Go to the line with "Poliészterből készült hűtőtáska" in the entries below and write out every line from there through the line with "tisková mluvčí policie.", exactly and without pictures.

- EXTRACTED MATERIAL -
○ ○ ○ ○ ○ ○ ○

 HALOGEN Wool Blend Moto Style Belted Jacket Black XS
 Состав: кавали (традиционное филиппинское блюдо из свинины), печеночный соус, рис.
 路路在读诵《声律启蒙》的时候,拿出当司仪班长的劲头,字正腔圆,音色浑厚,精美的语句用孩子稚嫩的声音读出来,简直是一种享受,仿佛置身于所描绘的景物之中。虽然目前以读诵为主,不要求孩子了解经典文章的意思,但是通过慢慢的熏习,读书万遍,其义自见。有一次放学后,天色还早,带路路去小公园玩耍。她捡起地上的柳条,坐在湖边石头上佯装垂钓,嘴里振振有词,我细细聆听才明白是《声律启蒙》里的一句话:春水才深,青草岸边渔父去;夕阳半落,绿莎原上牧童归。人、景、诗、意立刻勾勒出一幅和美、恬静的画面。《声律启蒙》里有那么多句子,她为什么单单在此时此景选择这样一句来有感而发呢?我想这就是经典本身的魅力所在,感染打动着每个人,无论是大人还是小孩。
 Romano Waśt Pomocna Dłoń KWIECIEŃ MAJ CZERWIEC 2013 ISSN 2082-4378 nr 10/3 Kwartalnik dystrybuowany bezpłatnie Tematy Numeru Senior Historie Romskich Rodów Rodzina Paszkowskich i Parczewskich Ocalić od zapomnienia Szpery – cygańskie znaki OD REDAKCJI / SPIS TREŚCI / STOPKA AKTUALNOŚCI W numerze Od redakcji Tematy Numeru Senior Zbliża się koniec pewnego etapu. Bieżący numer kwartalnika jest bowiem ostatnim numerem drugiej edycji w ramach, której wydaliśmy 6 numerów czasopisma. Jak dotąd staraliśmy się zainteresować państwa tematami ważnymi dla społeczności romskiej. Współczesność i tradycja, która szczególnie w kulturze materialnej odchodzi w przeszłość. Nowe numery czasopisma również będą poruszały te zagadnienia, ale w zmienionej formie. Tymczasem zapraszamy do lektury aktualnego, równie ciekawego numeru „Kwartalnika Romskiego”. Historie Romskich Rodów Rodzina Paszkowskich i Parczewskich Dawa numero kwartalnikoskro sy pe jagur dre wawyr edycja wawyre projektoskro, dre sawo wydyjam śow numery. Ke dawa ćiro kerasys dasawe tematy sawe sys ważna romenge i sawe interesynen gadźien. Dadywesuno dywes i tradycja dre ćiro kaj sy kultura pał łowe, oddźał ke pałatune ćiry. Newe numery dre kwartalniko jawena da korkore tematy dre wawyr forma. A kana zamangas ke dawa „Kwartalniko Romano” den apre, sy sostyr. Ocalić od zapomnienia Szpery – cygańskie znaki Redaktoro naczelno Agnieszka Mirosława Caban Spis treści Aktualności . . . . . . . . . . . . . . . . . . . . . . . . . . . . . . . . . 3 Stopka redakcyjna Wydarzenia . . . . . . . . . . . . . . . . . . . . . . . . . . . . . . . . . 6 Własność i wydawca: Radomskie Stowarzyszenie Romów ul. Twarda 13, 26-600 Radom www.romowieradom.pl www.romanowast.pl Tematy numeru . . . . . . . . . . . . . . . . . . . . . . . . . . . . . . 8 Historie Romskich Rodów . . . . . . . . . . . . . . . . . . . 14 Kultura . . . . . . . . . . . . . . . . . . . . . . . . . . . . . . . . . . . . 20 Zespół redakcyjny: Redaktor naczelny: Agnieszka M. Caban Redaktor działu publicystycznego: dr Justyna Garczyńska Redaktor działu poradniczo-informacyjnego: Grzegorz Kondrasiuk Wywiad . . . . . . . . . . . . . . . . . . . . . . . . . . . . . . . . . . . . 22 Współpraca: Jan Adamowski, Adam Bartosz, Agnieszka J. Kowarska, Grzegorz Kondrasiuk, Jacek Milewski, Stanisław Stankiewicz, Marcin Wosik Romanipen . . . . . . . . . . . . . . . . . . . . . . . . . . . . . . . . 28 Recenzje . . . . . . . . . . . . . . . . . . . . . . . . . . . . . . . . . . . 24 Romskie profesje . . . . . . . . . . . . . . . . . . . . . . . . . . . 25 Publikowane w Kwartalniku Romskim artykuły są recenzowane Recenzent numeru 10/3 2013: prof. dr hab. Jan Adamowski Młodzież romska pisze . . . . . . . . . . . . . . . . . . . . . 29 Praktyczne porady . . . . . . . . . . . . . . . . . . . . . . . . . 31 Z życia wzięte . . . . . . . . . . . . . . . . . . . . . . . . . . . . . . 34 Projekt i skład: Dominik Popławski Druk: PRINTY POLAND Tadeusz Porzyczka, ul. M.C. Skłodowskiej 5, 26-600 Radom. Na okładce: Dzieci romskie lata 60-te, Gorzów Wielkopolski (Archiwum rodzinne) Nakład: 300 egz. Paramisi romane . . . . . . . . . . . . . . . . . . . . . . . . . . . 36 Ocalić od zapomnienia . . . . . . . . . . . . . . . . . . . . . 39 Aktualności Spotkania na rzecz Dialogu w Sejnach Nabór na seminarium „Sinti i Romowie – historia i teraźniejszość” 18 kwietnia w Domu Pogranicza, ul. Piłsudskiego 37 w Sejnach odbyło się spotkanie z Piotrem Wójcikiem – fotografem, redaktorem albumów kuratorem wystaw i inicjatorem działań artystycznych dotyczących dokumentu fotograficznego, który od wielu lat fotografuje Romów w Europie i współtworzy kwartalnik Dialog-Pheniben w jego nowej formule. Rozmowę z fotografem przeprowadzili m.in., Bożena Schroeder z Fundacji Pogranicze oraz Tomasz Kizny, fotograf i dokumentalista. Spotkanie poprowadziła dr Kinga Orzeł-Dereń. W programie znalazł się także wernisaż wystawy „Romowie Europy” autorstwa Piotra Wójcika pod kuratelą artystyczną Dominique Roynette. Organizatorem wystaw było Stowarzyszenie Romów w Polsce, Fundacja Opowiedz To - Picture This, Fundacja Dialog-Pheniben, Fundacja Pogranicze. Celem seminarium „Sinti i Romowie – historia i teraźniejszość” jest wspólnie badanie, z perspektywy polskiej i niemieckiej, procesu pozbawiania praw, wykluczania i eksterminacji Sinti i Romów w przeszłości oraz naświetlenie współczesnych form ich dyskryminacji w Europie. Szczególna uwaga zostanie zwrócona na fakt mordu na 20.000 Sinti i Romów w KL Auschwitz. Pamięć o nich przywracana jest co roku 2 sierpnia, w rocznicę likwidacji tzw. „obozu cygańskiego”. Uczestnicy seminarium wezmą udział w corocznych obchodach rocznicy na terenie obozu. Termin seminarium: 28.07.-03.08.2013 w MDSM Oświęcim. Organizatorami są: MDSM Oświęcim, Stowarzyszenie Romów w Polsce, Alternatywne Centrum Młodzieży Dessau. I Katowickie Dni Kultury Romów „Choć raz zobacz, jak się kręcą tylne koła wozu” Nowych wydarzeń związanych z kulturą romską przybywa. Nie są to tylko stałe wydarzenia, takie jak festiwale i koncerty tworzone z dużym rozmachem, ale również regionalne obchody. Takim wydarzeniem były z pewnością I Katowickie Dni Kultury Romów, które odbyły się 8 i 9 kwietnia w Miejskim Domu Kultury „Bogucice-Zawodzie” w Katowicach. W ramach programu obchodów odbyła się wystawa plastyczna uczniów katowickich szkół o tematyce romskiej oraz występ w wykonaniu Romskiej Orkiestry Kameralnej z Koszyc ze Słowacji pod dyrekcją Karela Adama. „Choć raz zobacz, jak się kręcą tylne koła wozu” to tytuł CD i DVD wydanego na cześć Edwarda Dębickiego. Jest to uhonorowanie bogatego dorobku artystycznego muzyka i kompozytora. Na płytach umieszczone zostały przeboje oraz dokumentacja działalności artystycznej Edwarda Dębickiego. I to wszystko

○ ○ ○ ○ ○ ○ ○

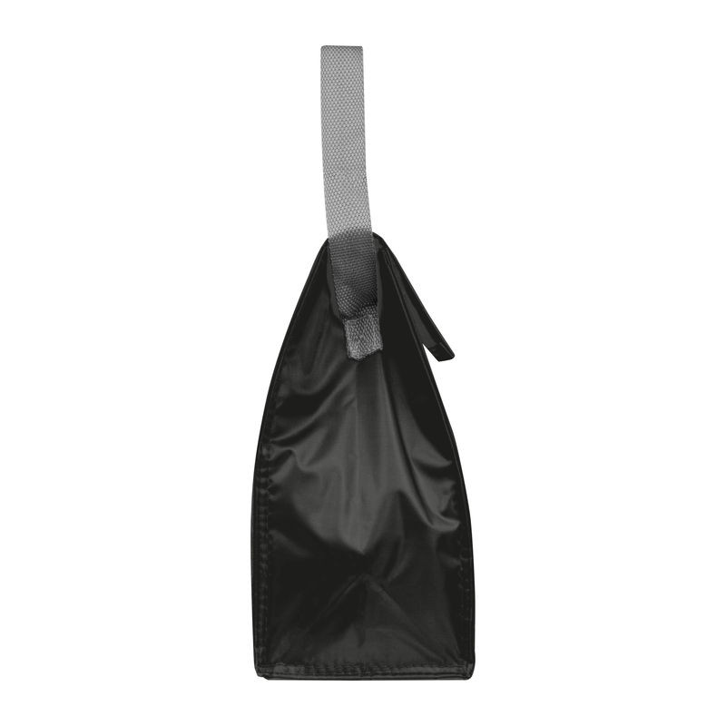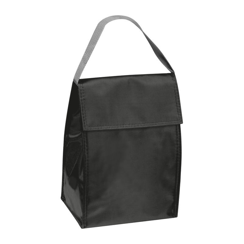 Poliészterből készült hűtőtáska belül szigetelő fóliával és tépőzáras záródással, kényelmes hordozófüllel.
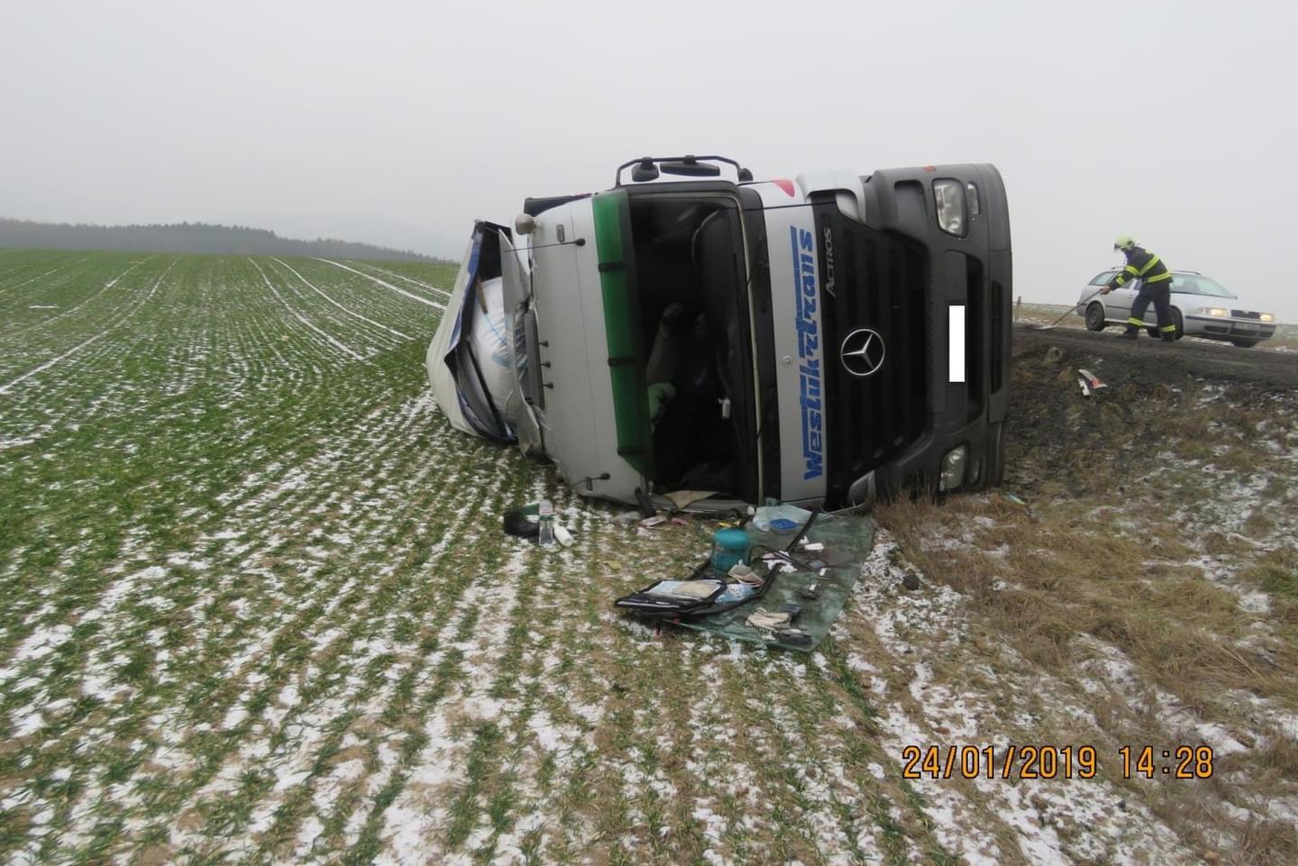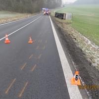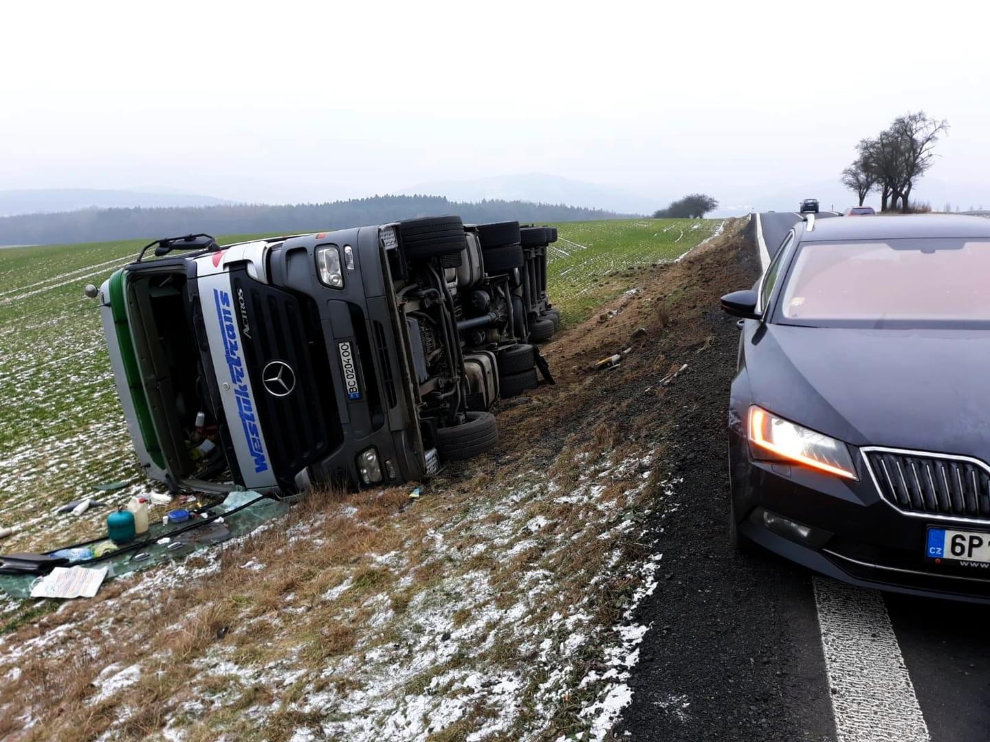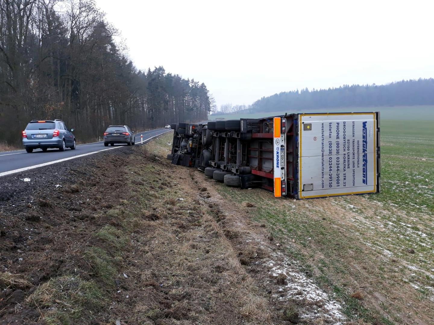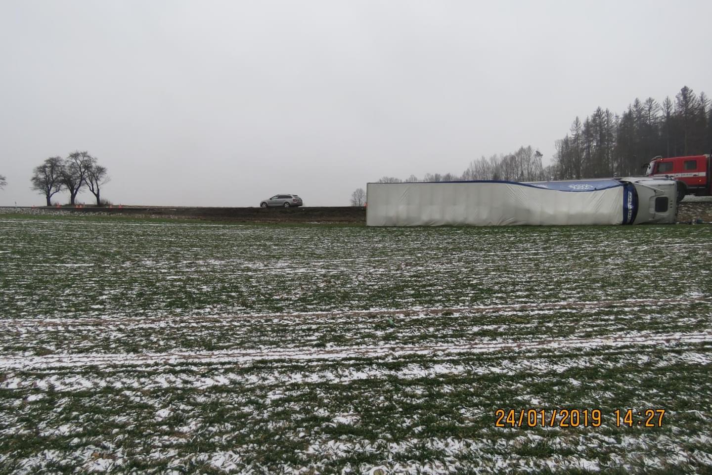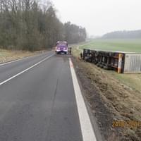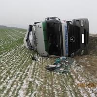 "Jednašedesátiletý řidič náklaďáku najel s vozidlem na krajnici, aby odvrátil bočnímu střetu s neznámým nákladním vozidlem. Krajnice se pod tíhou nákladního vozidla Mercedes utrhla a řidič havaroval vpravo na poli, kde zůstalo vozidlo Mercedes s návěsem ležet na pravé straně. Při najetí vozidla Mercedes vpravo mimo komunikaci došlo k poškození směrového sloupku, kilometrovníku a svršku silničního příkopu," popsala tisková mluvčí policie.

○ ○ ○ ○ ○ ○ ○

- SOLVED PROBLEM -
 Poliészterből készült hűtőtáska belül szigetelő fóliával és tépőzáras záródással, kényelmes hordozófüllel.
 "Jednašedesátiletý řidič náklaďáku najel s vozidlem na krajnici, aby odvrátil bočnímu střetu s neznámým nákladním vozidlem. Krajnice se pod tíhou nákladního vozidla Mercedes utrhla a řidič havaroval vpravo na poli, kde zůstalo vozidlo Mercedes s návěsem ležet na pravé straně. Při najetí vozidla Mercedes vpravo mimo komunikaci došlo k poškození směrového sloupku, kilometrovníku a svršku silničního příkopu," popsala tisková mluvčí policie.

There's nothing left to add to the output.